Dataset entries
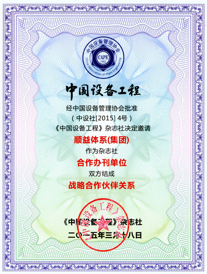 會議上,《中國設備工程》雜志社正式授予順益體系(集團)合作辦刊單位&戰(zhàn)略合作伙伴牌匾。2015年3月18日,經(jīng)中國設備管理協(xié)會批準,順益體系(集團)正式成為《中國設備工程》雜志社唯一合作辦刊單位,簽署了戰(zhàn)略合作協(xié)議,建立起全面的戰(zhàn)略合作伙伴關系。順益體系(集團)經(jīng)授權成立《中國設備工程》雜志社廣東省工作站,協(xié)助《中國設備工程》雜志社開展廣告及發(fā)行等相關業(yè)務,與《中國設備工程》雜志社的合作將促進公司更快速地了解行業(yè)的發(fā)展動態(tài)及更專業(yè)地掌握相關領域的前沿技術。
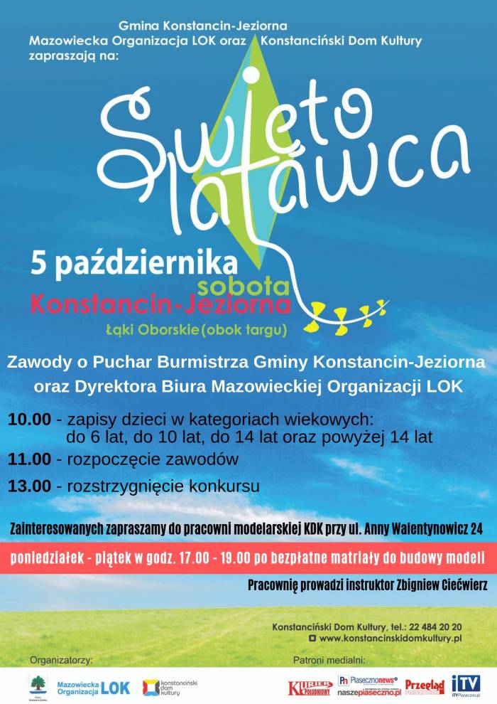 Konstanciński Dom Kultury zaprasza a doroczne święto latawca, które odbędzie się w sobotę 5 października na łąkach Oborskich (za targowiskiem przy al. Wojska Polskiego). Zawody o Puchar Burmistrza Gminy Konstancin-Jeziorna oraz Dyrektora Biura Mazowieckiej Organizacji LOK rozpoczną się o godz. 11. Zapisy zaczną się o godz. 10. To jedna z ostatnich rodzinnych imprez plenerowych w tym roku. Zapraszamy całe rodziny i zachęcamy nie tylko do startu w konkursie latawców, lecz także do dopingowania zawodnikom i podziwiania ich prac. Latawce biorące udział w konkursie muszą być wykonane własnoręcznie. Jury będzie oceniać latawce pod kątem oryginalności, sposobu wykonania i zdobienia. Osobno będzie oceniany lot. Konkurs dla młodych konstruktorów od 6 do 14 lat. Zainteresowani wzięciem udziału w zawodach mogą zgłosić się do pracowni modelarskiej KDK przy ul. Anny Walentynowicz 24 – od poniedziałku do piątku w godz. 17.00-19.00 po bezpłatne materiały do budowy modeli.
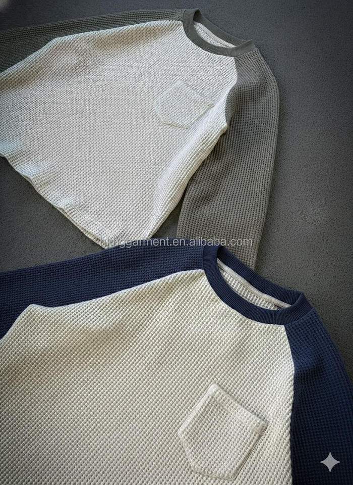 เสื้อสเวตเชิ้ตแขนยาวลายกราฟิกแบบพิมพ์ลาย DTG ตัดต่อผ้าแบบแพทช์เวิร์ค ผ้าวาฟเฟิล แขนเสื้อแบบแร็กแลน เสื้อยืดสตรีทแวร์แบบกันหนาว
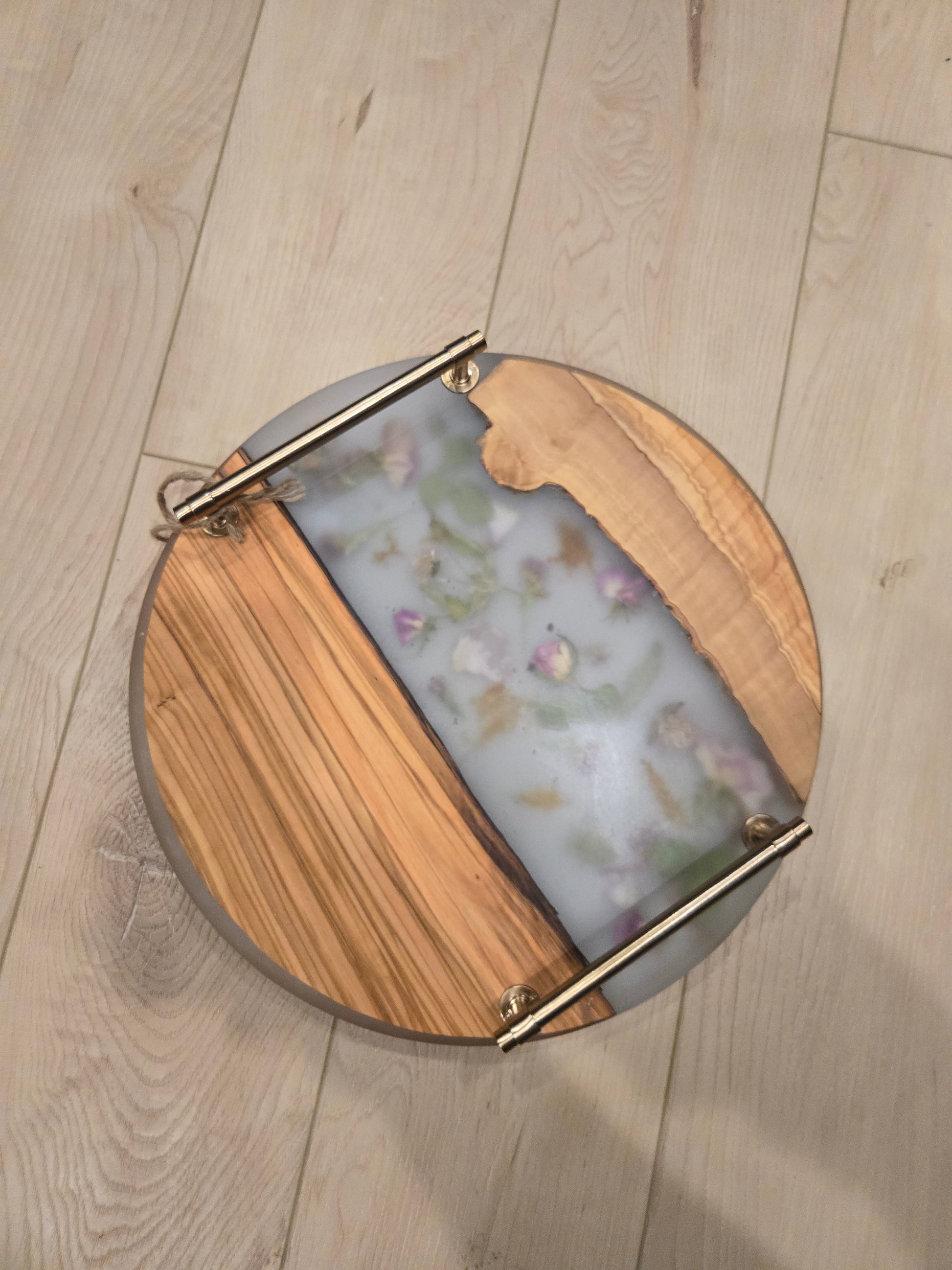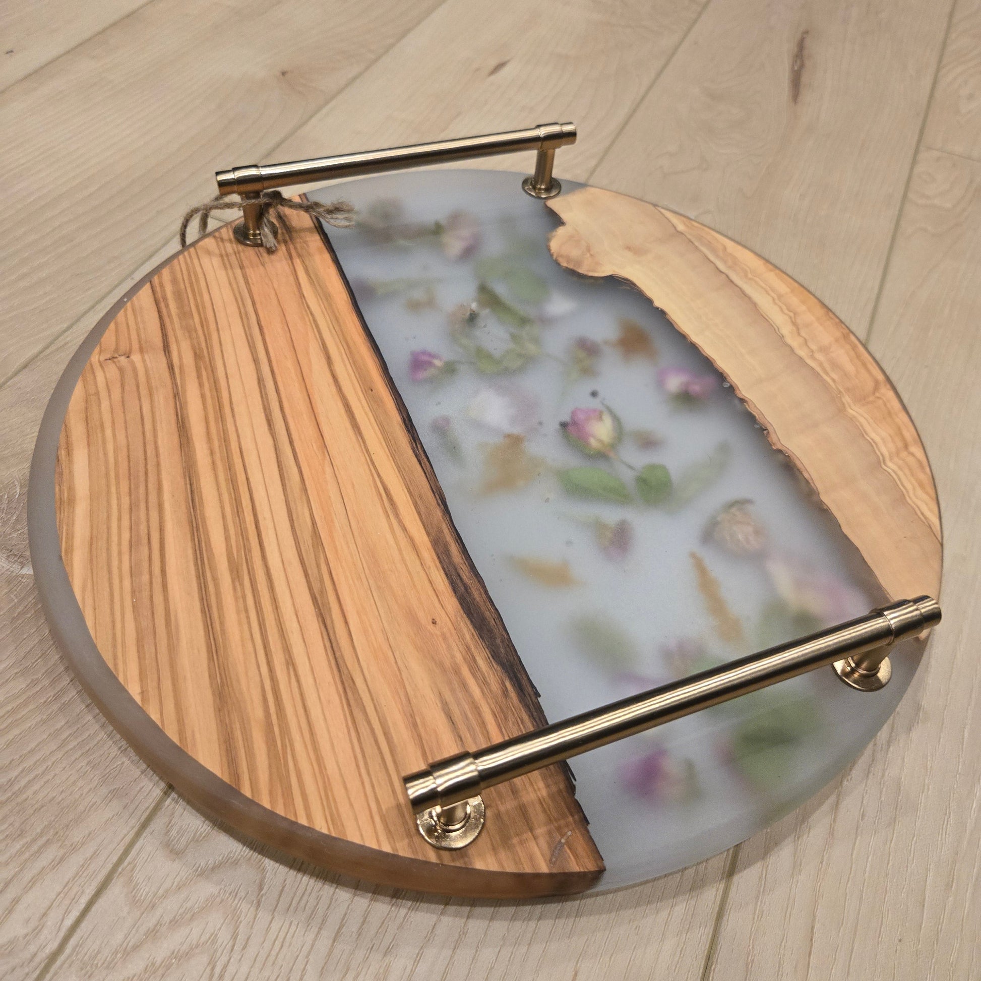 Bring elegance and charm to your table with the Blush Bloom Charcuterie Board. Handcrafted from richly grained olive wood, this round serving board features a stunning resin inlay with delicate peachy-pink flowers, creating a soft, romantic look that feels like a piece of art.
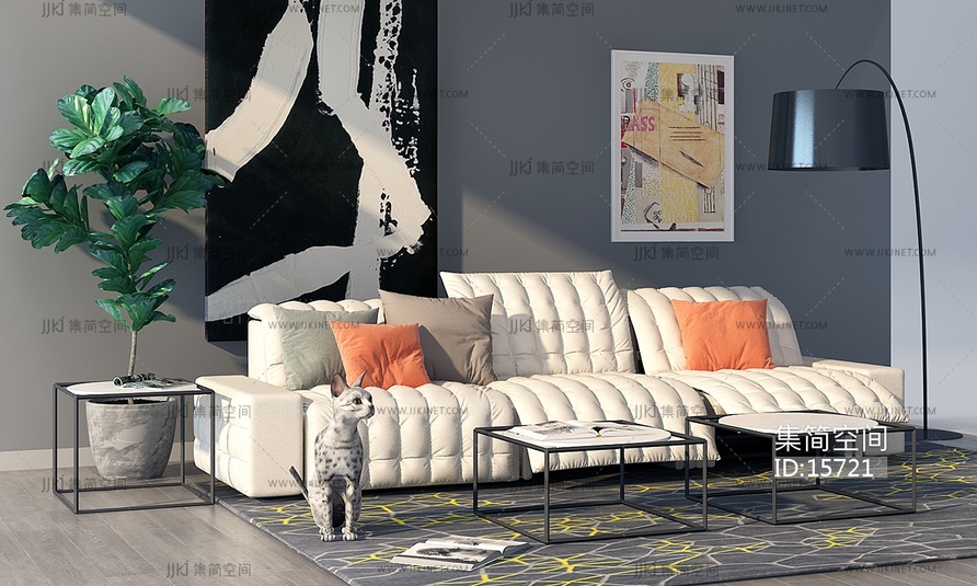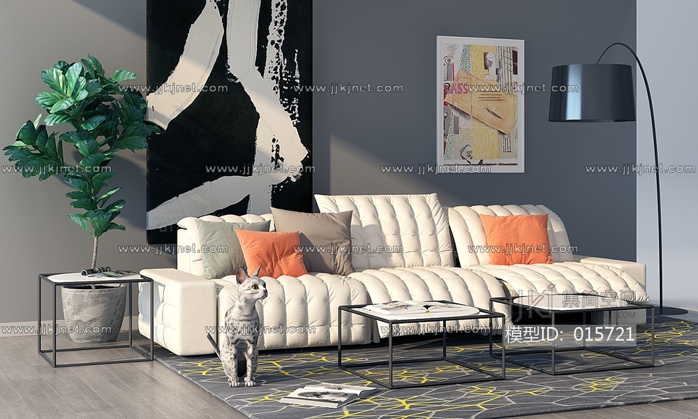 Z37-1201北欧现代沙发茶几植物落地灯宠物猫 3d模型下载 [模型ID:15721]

> _ASSIGNED TASK_
Exactly the lines from the one holding "ผ้าวาฟเฟิล แขนเสื้อแบบแร็กแลน เสื้อยืดสตรีทแวร์แบบกันหนาว" through the last line of the entries, both included, are to be duplicated; leave the pictures out.

> _OUTPUT_
 เสื้อสเวตเชิ้ตแขนยาวลายกราฟิกแบบพิมพ์ลาย DTG ตัดต่อผ้าแบบแพทช์เวิร์ค ผ้าวาฟเฟิล แขนเสื้อแบบแร็กแลน เสื้อยืดสตรีทแวร์แบบกันหนาว
 Bring elegance and charm to your table with the Blush Bloom Charcuterie Board. Handcrafted from richly grained olive wood, this round serving board features a stunning resin inlay with delicate peachy-pink flowers, creating a soft, romantic look that feels like a piece of art.
 Z37-1201北欧现代沙发茶几植物落地灯宠物猫 3d模型下载 [模型ID:15721]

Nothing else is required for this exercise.